◆ **How to complete this task**
Reproduce the opening lines of the listing below exactly, stopping after the line that contains "Сколько стоит квартира" and leaving out any pictures.

======

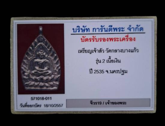 เหรียญเจ้าสัว 2 เนื้อเงิน เลี่ยมทอง ปี2535 วัดกลางบางแก้ว ตอกโค้ดชัดเต็มใบ มีบัตรก่อนเหลี่ยมทองครับ สวยๆ ราคาเบาๆ
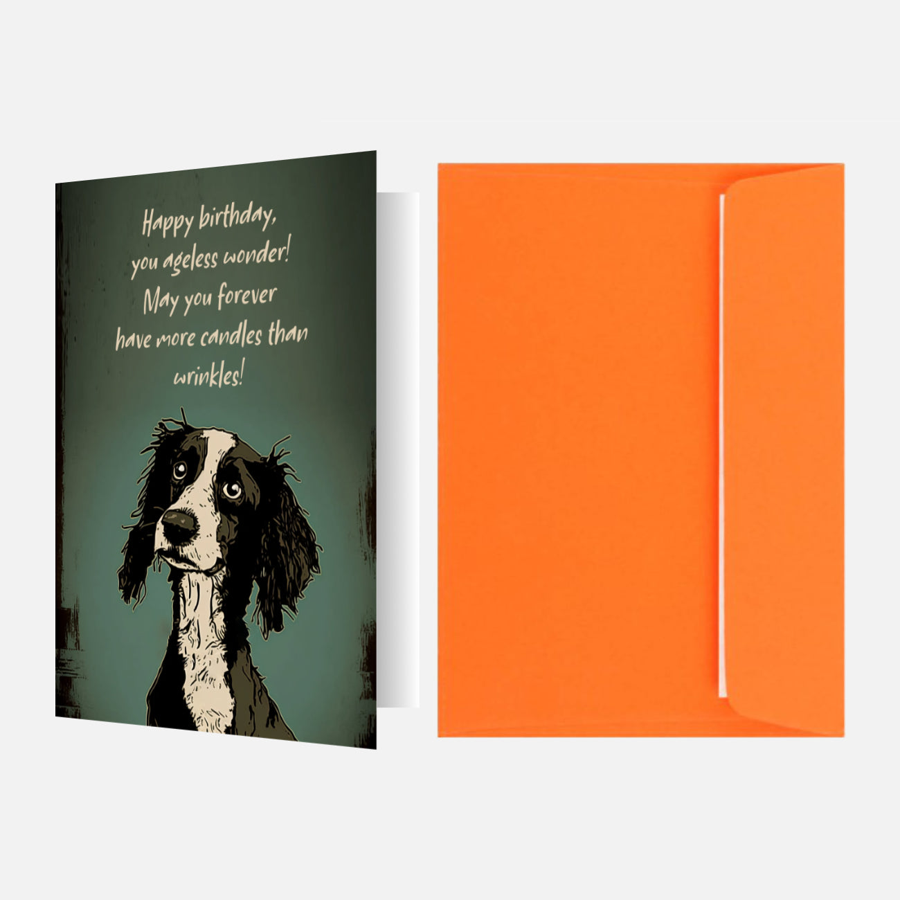 Check out our quirky Springer Spaniel birthday card! Featuring this versatile dog breed, synonymous with energy and bouncing. If an energy drink was a dog, the Springer Spaniel would spring to mind.
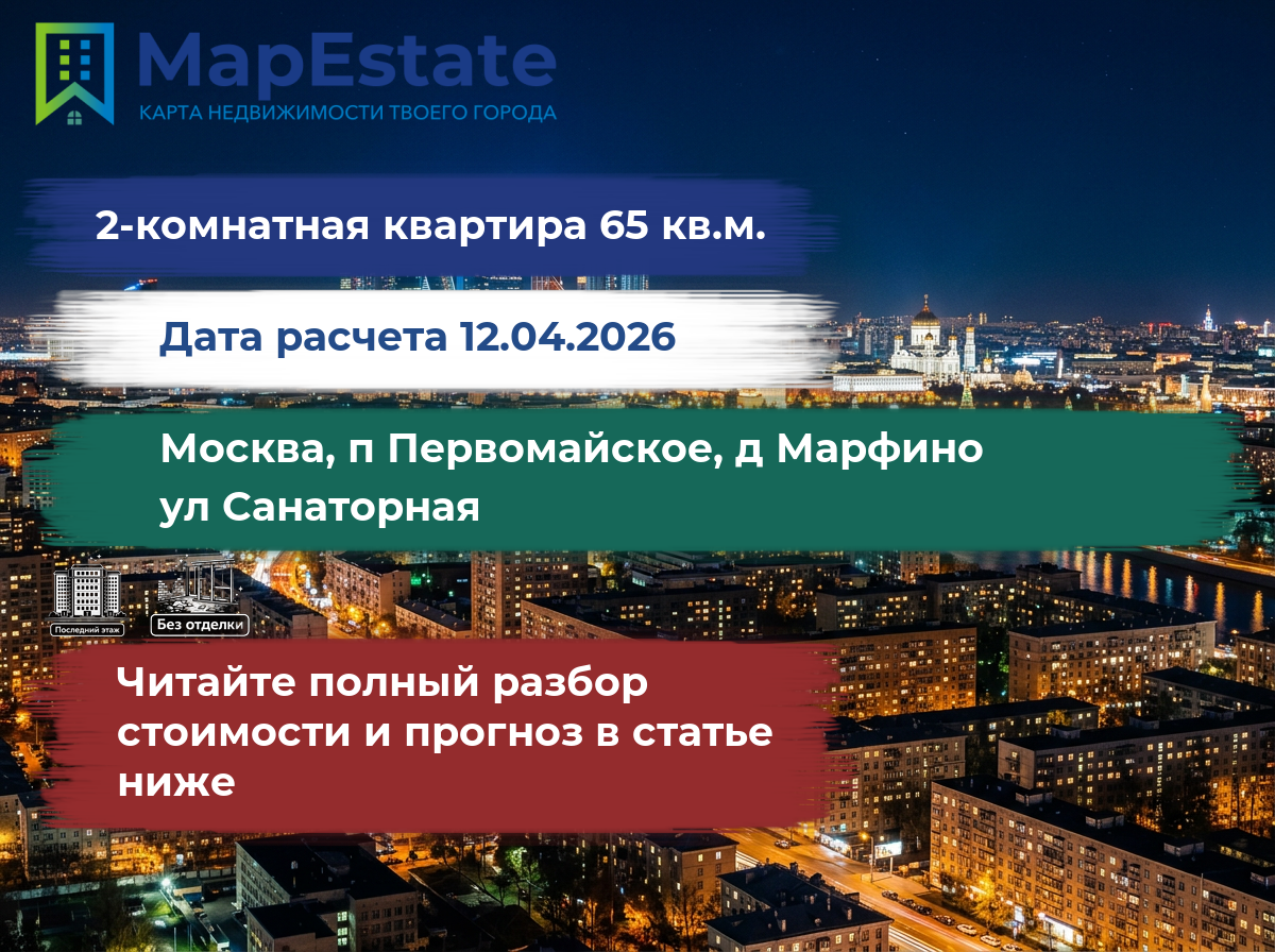 Сколько стоит квартира 65 м² в москва, п первомайское, д марфино, ул санаторная?
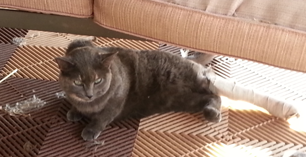 [image error]As for my other successes this week, first Shy Girl. She’s healing nicely. That’s the success. The downside is that she’s healing nicely, which means she’s become a very fast hobbler and one very determined escape artist, even though that splinted leg slides out from beneath her. The vet commanded me to keep her confined and calm. Right. Not happening. If I keep her closed into the bedroom, she waits under the bed then sprints for the door when I open it, darting between my legs and heading for the nearest, lowest chair in the living room under which to hide. She likes sitting in my lap as I write, but if I get up to let in some other half-housebroken creature, she’s vaulting through the air for the doorway. Once outside, she hops from this to that like one of the extreme urban athletes who look like Spiderman as they leap tall buildings in a single bound. And she knows exactly where to go so I can’t reach her. Worse yet, she continues to refuse to use the inside litter box. She wants her usual dirt patch and nothing else will serve. However, putting her out in that stinking plot–she’s not the only one to use it, but they do confine themselves to that one patch so I’m okay with cleaning and refreshing it from time to time–means letting her out of my grasp. No touching is allowed while evacuating her bowels or bladder! Just as she’s burying what she’s just left, she slants a look that says, “Catch me if you can,” and off she goes. So far I have been able to run her down, but as she continues to improve this may change. Oh look! A new Crossfit exercise: three-legged cat wrangling.
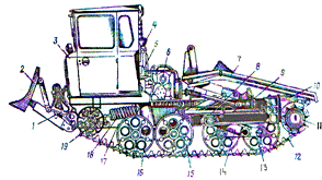 лебедки; 10 - блок заднего моста; 11 - ведущие колесо; 12 - гусеничная цепь; 13
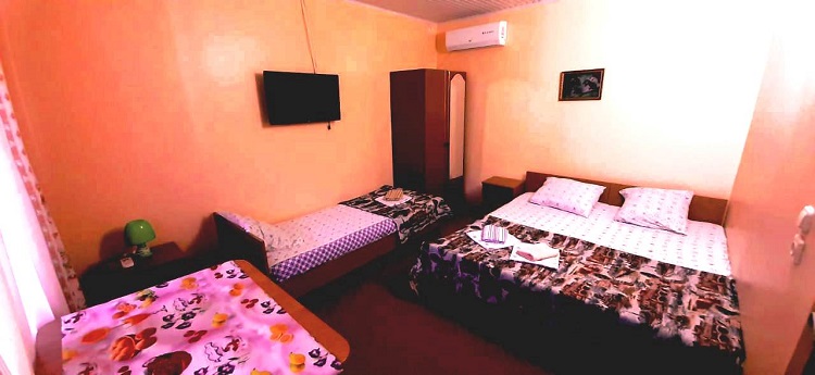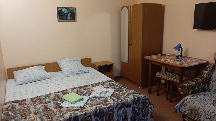 Площадь: 15 кв.м Число гостей: 3 Доп.место: платно Оборудование: холодильник, кондиционер, телевизор, Wi-Fi интернет Удобства в номере: туалет и душ в номере, санузел совмещенный Мебель: 1 двуспальная кровать, 1 односпальная кровать, тумбочки, кресло-кровать, шкаф для белья, стол, стулья. Буфет с посудой и индивидуальный... Подробнее ... |
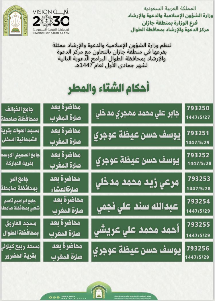 الشؤون الإسلامية في جازان تنفذ مناشط دعوية في الطواليطلق فرع وزارة الشؤون الإسلامية والدعوة والإرشاد بمنطقة جازان، ممثلًا بمركز الدعوة والإرشاد بمحافظة الطوال، سلسلة من المناشط الدعوية ضمن برنامج “أحكام الشتاء”، وذلك ابتداءً من يوم السبت الخامس والعشرين 22/جمادى الأولى/1447 التفاصيل
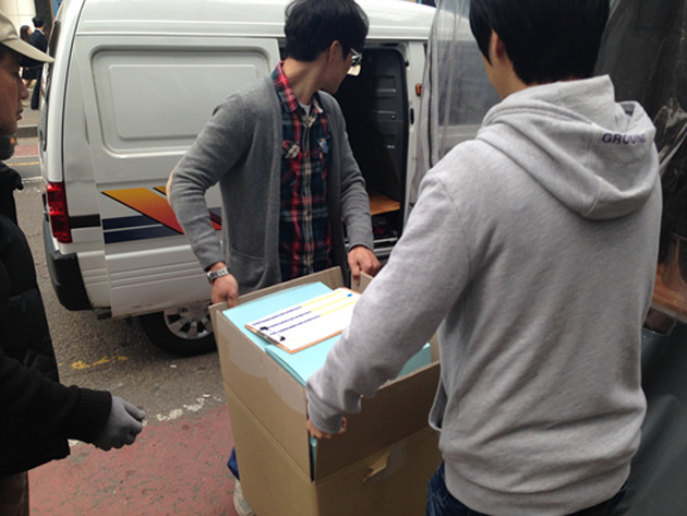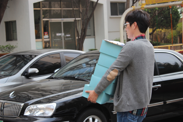 포장을 마무리 할 때쯤 우리 운영스텝 한 명과 김태경씨가 포장된 소보로빵 상자를 나란히 들고
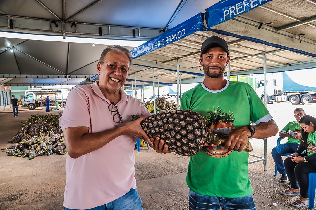 “Esse ano foi intenso. O abacaxi atrasou o amadurecimento por conta do sol forte, e normalmente o festival acontece em agosto ou setembro. Como só agora, em novembro, o fruto ficou bom, o prefeito e a vice-prefeita buscaram uma alternativa para os produtores venderem. Em parceria com a Prefeitura de Rio Branco, organizamos a mostra, sem custos, e esperamos que seja um sucesso. Temos produtos de mais de 30 produtores, representados aqui por cinco famílias. Além do abacaxi, trouxemos banana, goma e farinha”, explicou o secretário Leite.
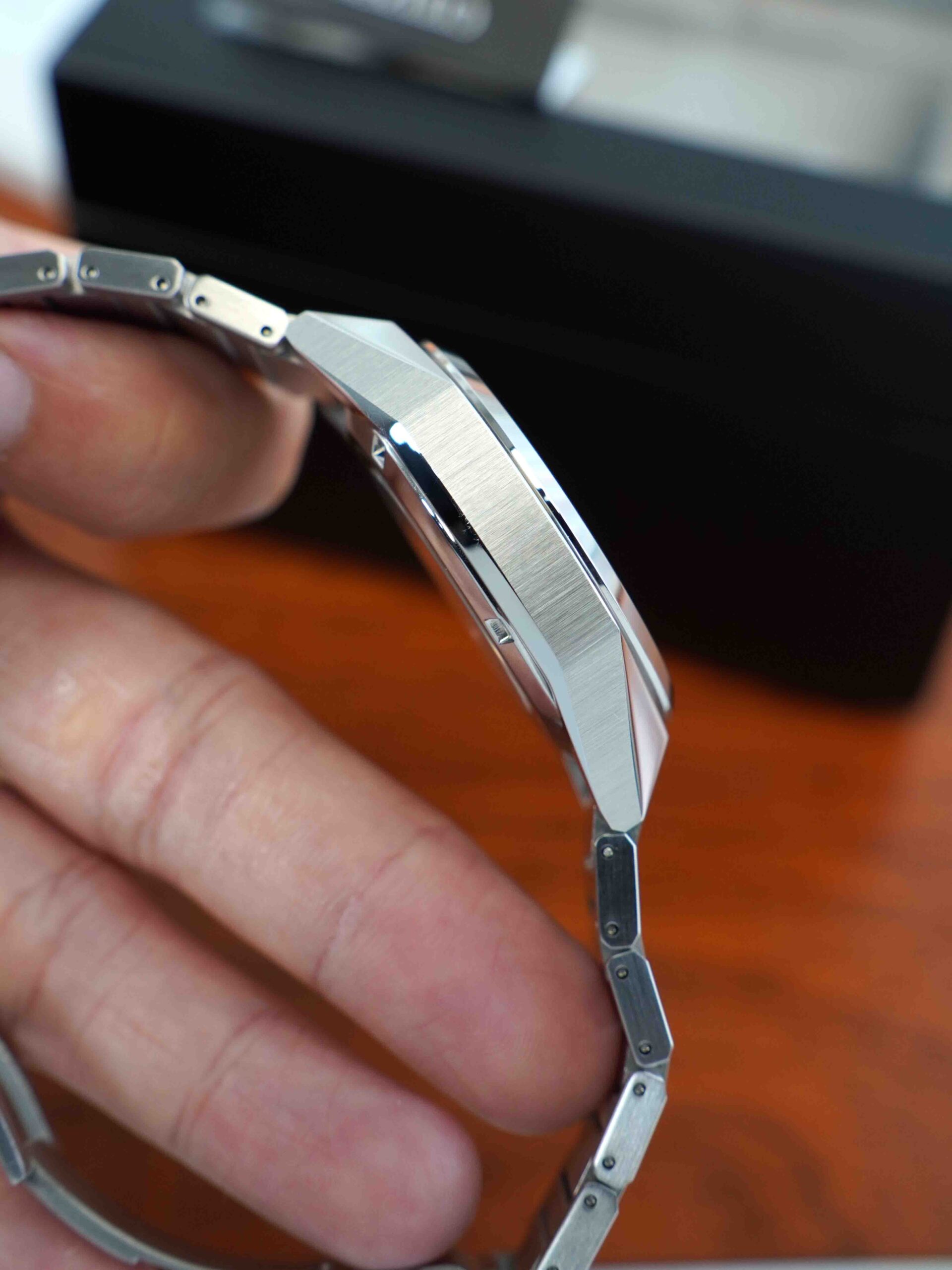 Series 8 bộ sưu tập xứng tầm cạnh tranh với các ông Thụy trong cùng phân khúc giá. Sở hữu bộ vỏ ấn tượng với các góc vác thẳng ở cả vỏ và dây , bộ máy mạnh mẽ đã tạo nên phong cách Sport Luxury cho chủ nhân sở hữu. Dial hoàn thiện cầu kỳ tinh xảo, màu sắc chuyển dần từ xanh ra đen, họa tiết với các khối vuông và sọc đan xen lẫn nhau , kim và cọc số lớn vừa xem giờ tốt vừa thể thao khỏe khoắn

======

◆ **Reply**
 เหรียญเจ้าสัว 2 เนื้อเงิน เลี่ยมทอง ปี2535 วัดกลางบางแก้ว ตอกโค้ดชัดเต็มใบ มีบัตรก่อนเหลี่ยมทองครับ สวยๆ ราคาเบาๆ
 Check out our quirky Springer Spaniel birthday card! Featuring this versatile dog breed, synonymous with energy and bouncing. If an energy drink was a dog, the Springer Spaniel would spring to mind.
 Сколько стоит квартира 65 м² в москва, п первомайское, д марфино, ул санаторная?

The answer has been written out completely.